[Given records — start]

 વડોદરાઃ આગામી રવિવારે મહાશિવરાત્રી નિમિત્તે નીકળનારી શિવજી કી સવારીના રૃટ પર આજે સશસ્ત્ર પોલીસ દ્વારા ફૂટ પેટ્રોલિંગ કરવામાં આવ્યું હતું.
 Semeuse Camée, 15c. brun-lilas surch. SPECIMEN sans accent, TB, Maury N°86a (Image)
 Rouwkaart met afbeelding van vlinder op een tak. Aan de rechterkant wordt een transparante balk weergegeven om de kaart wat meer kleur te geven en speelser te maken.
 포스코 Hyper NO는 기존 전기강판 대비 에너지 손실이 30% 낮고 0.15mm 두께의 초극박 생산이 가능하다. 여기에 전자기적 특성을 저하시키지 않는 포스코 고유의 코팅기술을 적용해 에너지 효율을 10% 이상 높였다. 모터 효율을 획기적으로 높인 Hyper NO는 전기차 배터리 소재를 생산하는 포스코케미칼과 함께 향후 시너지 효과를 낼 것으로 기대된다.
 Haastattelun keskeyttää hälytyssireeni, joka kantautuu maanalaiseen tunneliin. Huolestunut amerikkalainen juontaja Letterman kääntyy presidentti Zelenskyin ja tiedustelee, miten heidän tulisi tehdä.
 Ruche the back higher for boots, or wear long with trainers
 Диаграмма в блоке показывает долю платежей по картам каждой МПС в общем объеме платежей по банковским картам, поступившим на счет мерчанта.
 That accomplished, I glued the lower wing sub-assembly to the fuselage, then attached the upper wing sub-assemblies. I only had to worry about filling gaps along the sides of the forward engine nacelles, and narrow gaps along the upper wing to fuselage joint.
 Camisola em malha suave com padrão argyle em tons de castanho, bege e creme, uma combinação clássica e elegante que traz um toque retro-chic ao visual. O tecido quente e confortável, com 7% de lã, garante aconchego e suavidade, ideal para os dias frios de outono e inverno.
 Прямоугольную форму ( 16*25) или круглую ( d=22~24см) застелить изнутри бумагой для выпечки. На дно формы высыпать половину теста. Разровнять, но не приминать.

[Given records — finish]

Your output should consist solely of the lines from the beginning of the entries through the line containing "That accomplished, I", reproduced exactly.

 વડોદરાઃ આગામી રવિવારે મહાશિવરાત્રી નિમિત્તે નીકળનારી શિવજી કી સવારીના રૃટ પર આજે સશસ્ત્ર પોલીસ દ્વારા ફૂટ પેટ્રોલિંગ કરવામાં આવ્યું હતું.
 Semeuse Camée, 15c. brun-lilas surch. SPECIMEN sans accent, TB, Maury N°86a (Image)
 Rouwkaart met afbeelding van vlinder op een tak. Aan de rechterkant wordt een transparante balk weergegeven om de kaart wat meer kleur te geven en speelser te maken.
 포스코 Hyper NO는 기존 전기강판 대비 에너지 손실이 30% 낮고 0.15mm 두께의 초극박 생산이 가능하다. 여기에 전자기적 특성을 저하시키지 않는 포스코 고유의 코팅기술을 적용해 에너지 효율을 10% 이상 높였다. 모터 효율을 획기적으로 높인 Hyper NO는 전기차 배터리 소재를 생산하는 포스코케미칼과 함께 향후 시너지 효과를 낼 것으로 기대된다.
 Haastattelun keskeyttää hälytyssireeni, joka kantautuu maanalaiseen tunneliin. Huolestunut amerikkalainen juontaja Letterman kääntyy presidentti Zelenskyin ja tiedustelee, miten heidän tulisi tehdä.
 Ruche the back higher for boots, or wear long with trainers
 Диаграмма в блоке показывает долю платежей по картам каждой МПС в общем объеме платежей по банковским картам, поступившим на счет мерчанта.
 That accomplished, I glued the lower wing sub-assembly to the fuselage, then attached the upper wing sub-assemblies. I only had to worry about filling gaps along the sides of the forward engine nacelles, and narrow gaps along the upper wing to fuselage joint.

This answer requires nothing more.